# C Review on hypothesis testing

The process of hypothesis testing has an interesting analogy with a trial that helps on understanding the elements present in a formal hypothesis test in an intuitive way.

Hypothesis testing Trial
Null hypothesis $$H_0$$ Accused of comitting a crime. It has the “presumption of innocence”, which means that it is not guilty until there is enough evidence to supporting its guilt
Sample $$X_1,\ldots,X_n$$ Collection of small evidences supporting innocence and guilt. These evidences contain a certain degree of uncontrollable randomness because of how they were collected and the context regarding the case
Statistic $$T_n$$ Summary of the evicences presented by the prosecutor and defense lawyer
Distribution of $$T_n$$ under $$H_0$$ The judge conducting the trial. Evaluates the evidence presented by both sides and presents a verdict for $$H_0$$
Significance level $$\alpha$$ $$1-\alpha$$ is the strength of evidences required by the judge for condemning $$H_0$$. The judge allows evidences that on average condemn $$100\alpha\%$$ of the innocents, due to the randomness inherent to the evidence collection process. $$\alpha=0.05$$ is considered a reasonable level
$$p$$-value Decision of the judge that measures the degree of compatibility, in a scale $$0$$$$1$$, of the presumption of innocence with the summary of the evidences presented. If $$p$$-value$$<\alpha$$, $$H_0$$ is declared guilty. Otherwise, is declared not guilty
$$H_0$$ is rejected $$H_0$$ is declared guilty: there are strong evidences supporting its guilt
$$H_0$$ is not rejected $$H_0$$ is declared not guilty: either is innocent or there are no enough evidences supporting its guilt

More formally, the $$p$$-value of an hypothesis test about $$H0$$ is defined as:

The $$p$$-value is the probability of obtaining a statistic more unfavourable to $$H_0$$ than the observed, assuming that $$H_0$$ is true.

Therefore, if the $$p$$-value is small (smaller than the chosen level $$\alpha$$), it is unlikely that the evidence against $$H_0$$ is due to randomness.

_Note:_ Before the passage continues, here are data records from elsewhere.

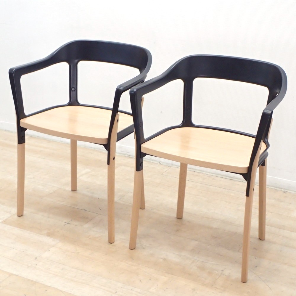 2脚セット マジス スティールウッドチェア SD750 ミーティングチェア ブラック ナチュラル 肘付 ビーチ材 デザイナーズ KK19334 EG19334 中古 配送サイズ200 セット販売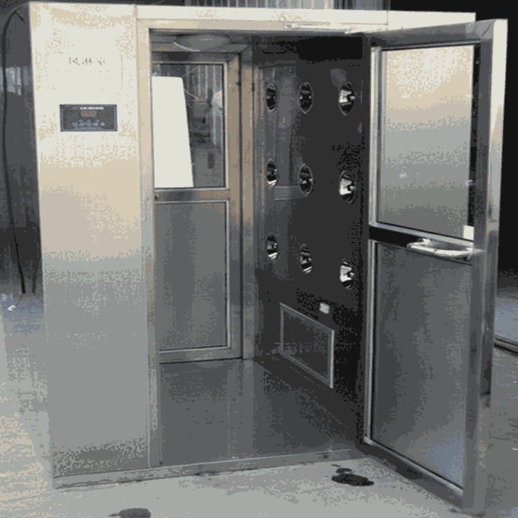 造,风淋室表面采用静电喷塑,其特点是美观,现代;其内壁,门还可以用不锈钢制作,其效果现豪华。全不锈钢制造,门为感应自动移门,操作系统采用智能程序 PLC 控制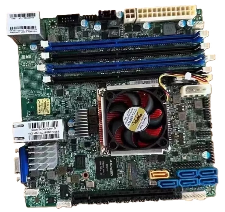 Supermicro X10SDV-F Intel Xeon D-1541 PCIe x16 1Gbe m.2 IPMI ITX DDR4 Server  - onboard Intel Xeon D-1541 8 Core / 16 Threads / 45W (passiv gekühlt)- 4 x DDR4 Ram Reg ECC bis 128GB - 1x PCIe x16 3.0 - 2x Intel LAN 1GBe - 6x SATA (1x SATADom kompatibel) - m.2 Slot - IPMI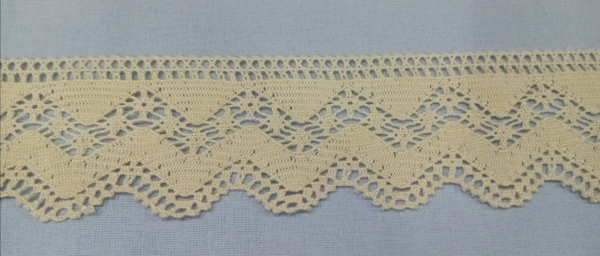 Ponta de Renda J0498 0,04 € Partilhar O produto encontra-se sem stock. Ponta de Renda 100% algodão com ondinhas e flores em bege 60mm Corte mínimo 20cm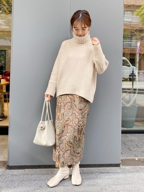 ボトムスは、淡いトーンが2021年秋らしいペイズリー柄のタイトスカートをセレクトして、都会的なムード漂う骨格ナチュラルのソフトエレガントさん向けコーディネートを完成させましょう。
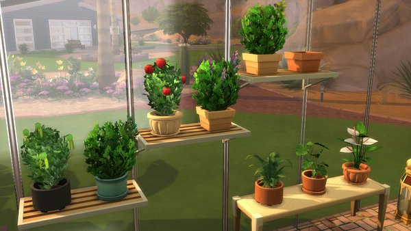 The greenhouse area is lovely! ❤️Although you may not have planned to have taken the photo, it is very nice. It looks lovely the way the plants are on the tiered shelving and there are views of outdoors through the glass window walls. The outdoors flowers are pretty also.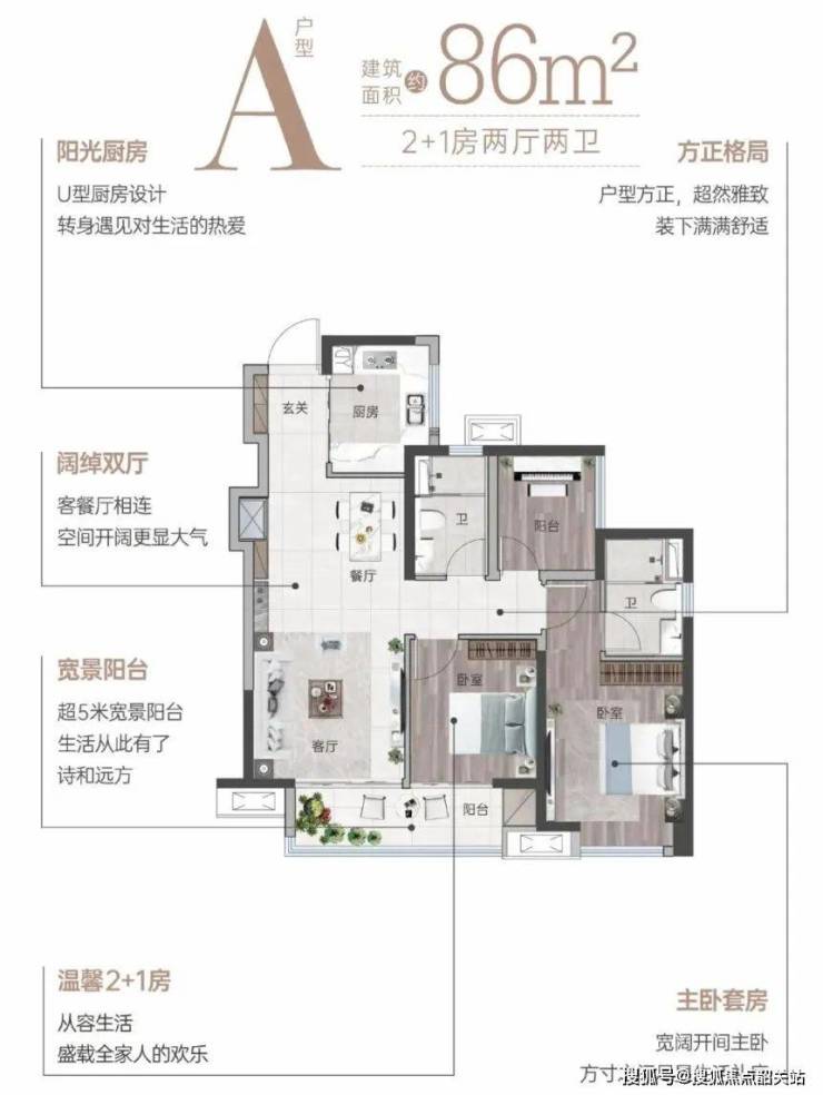 85㎡南向三房:拥有5米宽景阳台和主卧套间设计,总价190万起。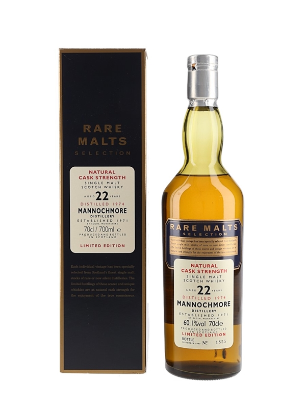 A bottle of Mannochmore 22 Year Old Single Malt Scotch Whisky. This was distilled in 1974 and bottled at a natural cask strength of 60.1% ABV in September 1997 for Diageo's now-discontinued Rare Malts Selection.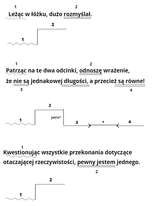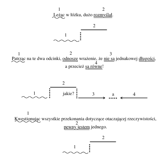 Imiesłowowy równoważnik zdania zaznacza się na wykresie linią falistą.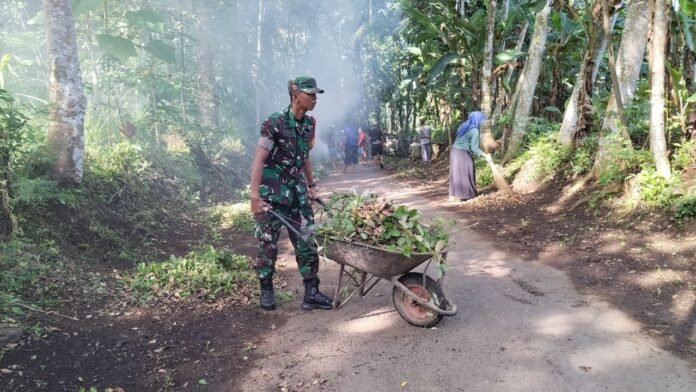 Lumajang, Wujud nyata kepedulian terhadap lingkungan kembali ditunjukkan oleh Babinsa Penawungan Koramil 0821-06/Ranuyoso, Kopda Zaenal Arifin. Bersama warga, ia melaksanakan kerja bakti pembersihan jalan di kanan kiri Dusun Curah Bindu RT 002 RW 001 Desa Penawungan, Kecamatan Ranuyoso, Kabupaten Lumajang, Jawa Timur, pada Senin (8/9/2025).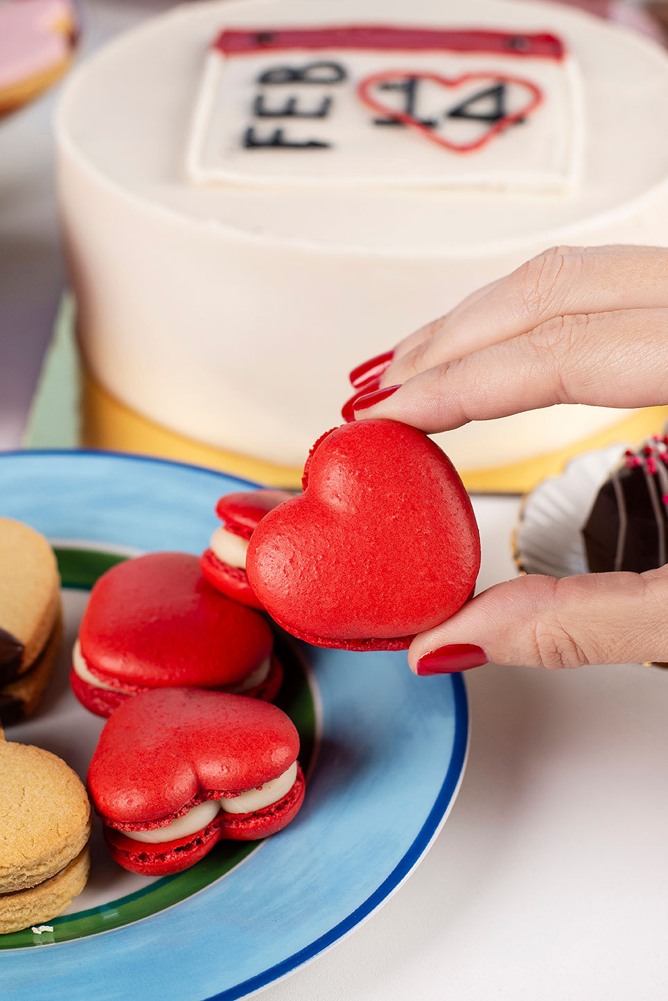 Cajita transparentes con 5 macarons en forma de corazón, rellenos de nutella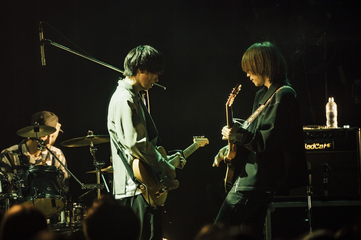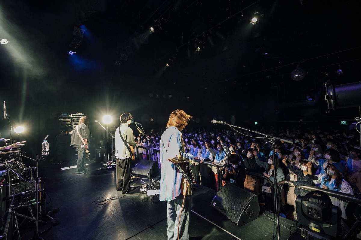 「オードトワレ」から「雫」へ、ミュージックビデオでよく知られる人気曲が登場するたびに、歓声の代わりに大きな身振り手振りで“待ってました!”の思いを伝えるオーディエンス。《友達じゃいられない》と歌う「オードトワレ」や、《薬指に嵌めた指輪》というフレーズが意味深な「雫」など、様々な恋愛シチュエーションを色鮮やかに歌う、うきょうの歌詞はとても映像的だ。エモーショナルなミドルロックバラード「遠吠え」では、おさみぃが最高にセンチメンタルなギターソロを決め、クライマックスではうきょうが叫ぶように歌う。ライブならではの感情の昂ぶりは、予想以上に激しく熱い。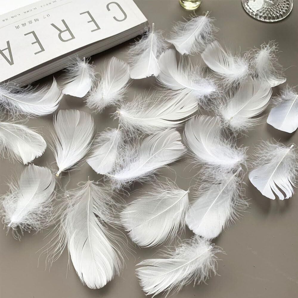 1パックに100枚の羽根が入っています。たっぷりとした量なので、大規模な装飾や複数のクラフトプロジェクトに最適です。純白の羽根は用途が広く、染色も容易で、エレガントでロマンチック、あるいは純粋な雰囲気を演出します。最も伝統的な用途です。結婚式(挙式)では、ゲストが新郎新婦に羽根を投げ、伝統的な紙吹雪や米の代わりに、写真映えする夢のようなロマンチックな瞬間を演出します。DIYクラフトに最適な素材です。ジュエリー(イヤリング、ネックレス、羽根ペン)、帽子飾り、衣服の装飾、ギフトラッピングの装飾などに最適です。
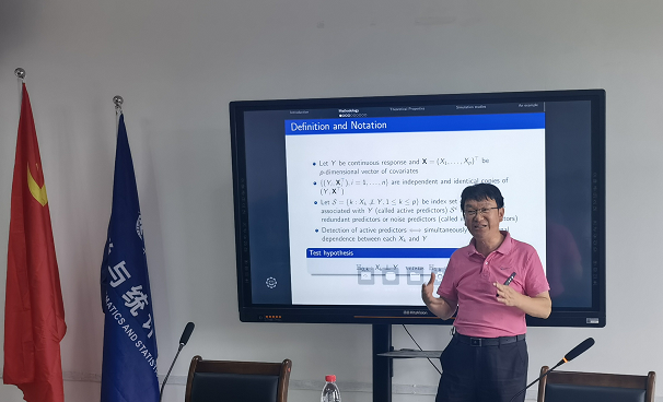 近日,云南大学数学与统计学院院长唐年胜教授应邀来我校进行学术交流。7月16日上午,唐年胜教授为数学与统计学院师生做了题为《Quantile correlation-based variable selection》的学术报告。学术报告由数学与统计学院党委书记唐玺主持,学院统计学科的胡雪梅教授、胡桂华教授、赵培信教授、杨宜平教授等骨干教师、重庆理工大学的邱世芳教授和部分研究生参加了此次学术报告会。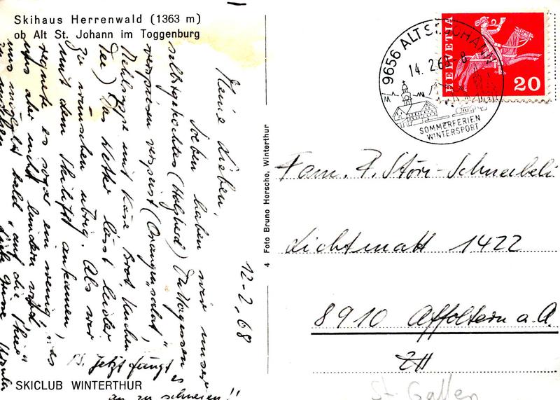 Zustandsbeschreibung der Ansichtskarte "Skihaus Herrenwald ob Alt St. Johann im Toggenburg"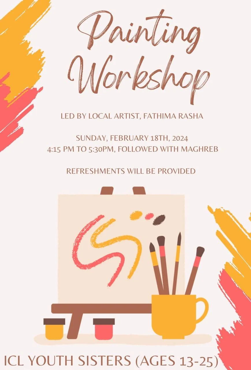 ICL - Painting Workshop 2024 View fullsize Sunday, February 18, 2024 from 4:15 PM till 5:30 PMDirection: 5099 W Dobbins Rd #1, Laveen Village, AZ 85339 Asma NooruddinOctober 16, 2023Comment Facebook0 Twitter LinkedIn0 Reddit Tumblr 0 Likes

As a consequence, $$H_0$$ is rejected. If the $$p$$-value is large (larger than $$\alpha$$), then it is more possible that the evidences against $$H_0$$ are merely due to the randomness of the data. In this case, we do not reject $$H_0$$.

If $$H_0$$ holds, then the $$p$$-value (which is a random variable) is distributed uniformly in $$(0,1)$$. If $$H_0$$ does not hold, then the distribution of the $$p$$-value is not uniform but concentrated at $$0$$ (where the rejections of $$H_0$$ take place).